Although some of the measures to tackle climate change are very welcome, particularly coming from this Government, they are described as being “world leading” when they are nothing of the kind. The sad truth is that is a thin and poor programme for government. As my right hon. Friend the Member for Ross, Skye and Lochaber (Ian Blackford) said when opposing the programme on the opening day of this debate, our party stands against this Government’s
“cruel, punishing policies and narrow, backward-gazing politics.”—[Official Report, 19 December 2019; Vol. 669, c. 51.]
I would go further than that. Some of the measures in the programme—such as an immigration Bill that will end in law the free movement of people—will further diminish the UK’s ability to attract the best and brightest, as well as much-needed labour in other sectors, and very much risks turning the UK into an insular, reduced and backward-looking place.
Before addressing the impact that ending free movement will have on the agriculture, hospitality and care sectors, the brain drain that the UK Government’s hostile environment is already causing, and the brutish logic of the Tory party—whose plans will reduce the ability of young Scots and, indeed, youngsters from throughout these islands, to live, love, work and study freely throughout Europe—we might want to consider the practical implications of trade and how those matters are related.
When Commission President von der Leyen said last week:
“Without the freedom of movement of people, you cannot have the free movement of capital, goods and services”,
the Government should have listened. At a time when we need to boost trade, we should be paying attention to the damage that will be done to capital markets, the City of London and the ability to export services, all of which depend on people being able to travel freely. Given the damage that Brexit will cause to UK global trade, the UK Government should be doing everything possible to remove every conceivable obstacle to protecting and enhancing the opportunities to maintain and grow trade of all sorts—free, fair trade, with a level playing field. Instead, in spite of the clearest of warnings, yet more obstacles are being erected, this time by ending in law the free movement of people, which will further weaken and diminish the UK’s ability to strike good trade deals to compensate for the losses and minimise the additional costs that Brexit will cause.
We should put a couple of numbers on this. Everybody knows that there are dozens of economic assessments of Brexit. With one exception, they are universally negative. The National Institute of Economic and Social Research provides an average assessment.
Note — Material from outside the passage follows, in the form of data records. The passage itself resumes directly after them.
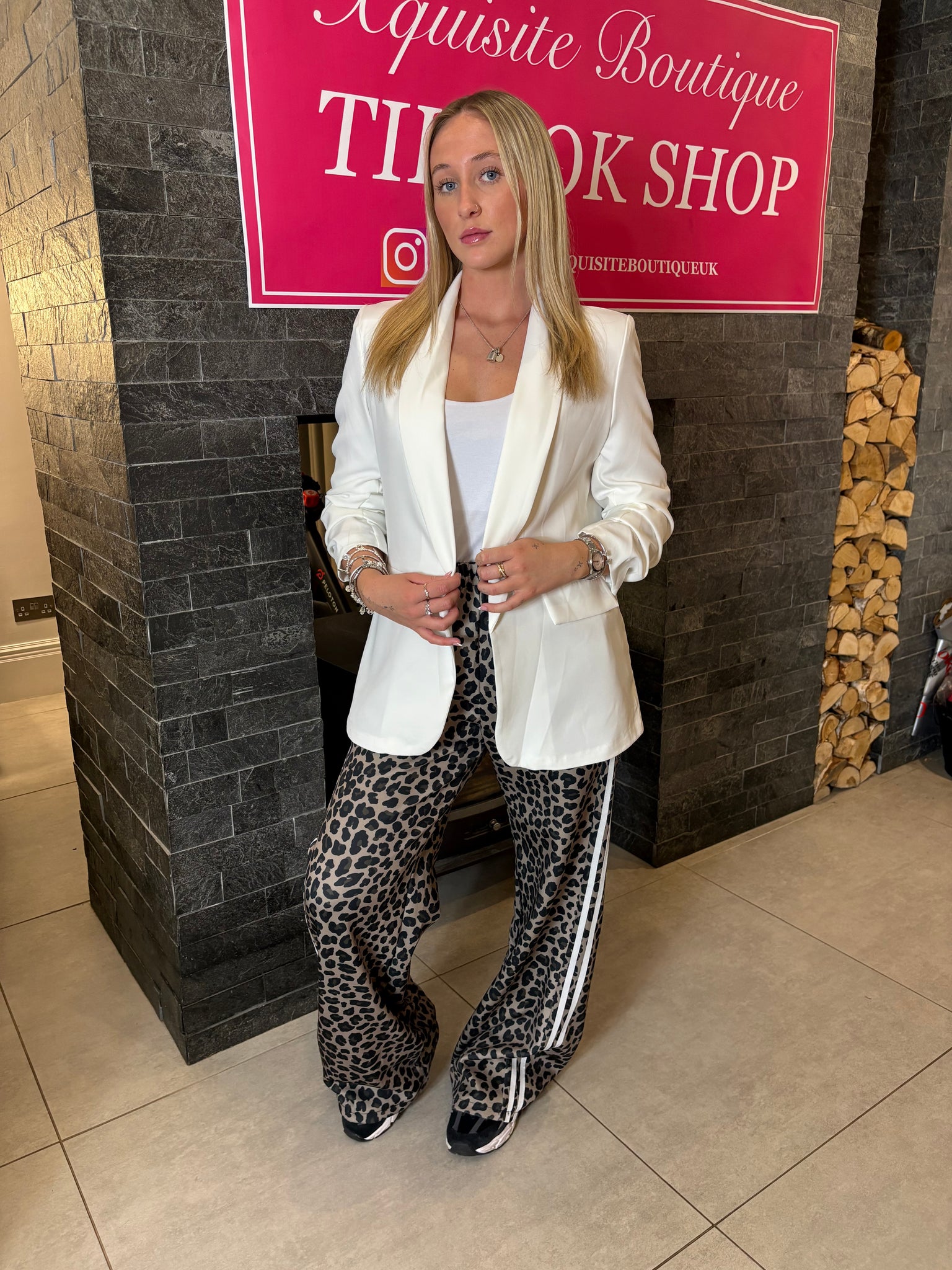 • Load image into Gallery viewer, Animal Print Stripe Trousers White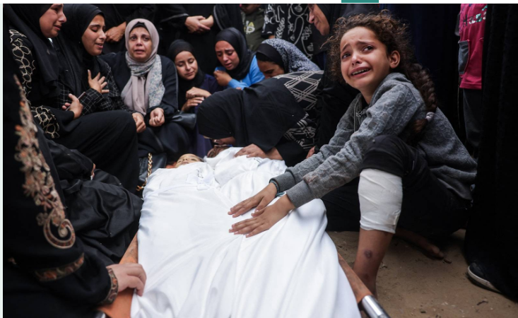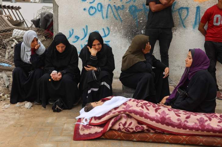 رد فعل فلسطينيين على مقتل طفلَين بغارة إسرائيلية في مستشفى ناصر بخان يونس (أ.ف.ب)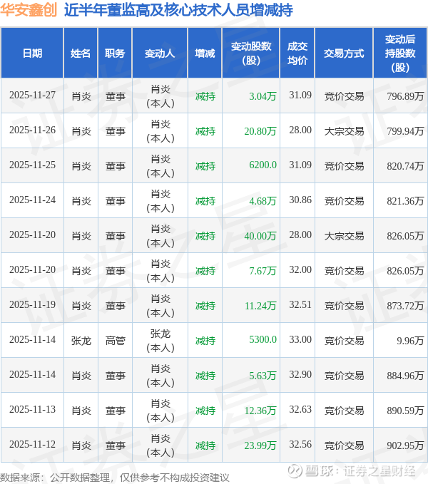 证券之星消息,根据11月28日市场公开信息、上市公司公告及交易所披露数据整理,华安鑫创(300928)最新董监高及相关人员股份变动情况:2025年11月27日公司董事肖炎共减持公司股份3.04万股,占公司总股本为0.038%。变动期间公司股价上涨1.36%,11月27日当日收盘报31.37元。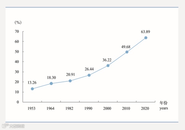 我国历次人口普查城镇人口比重

We could lose perhaps 20% of total global UK trade with a bad Brexit, and that is where we are heading. If we cut a deal with all the main English-speaking economies and with all the BRICS countries—Brazil, Russia, India, China and South Africa—we might claw back 5% or 6%. It does not take a genius to work out that we will soon run out of large countries with which to cut deals to compensate for the losses, so adding additional obstacles strikes me as making no sense.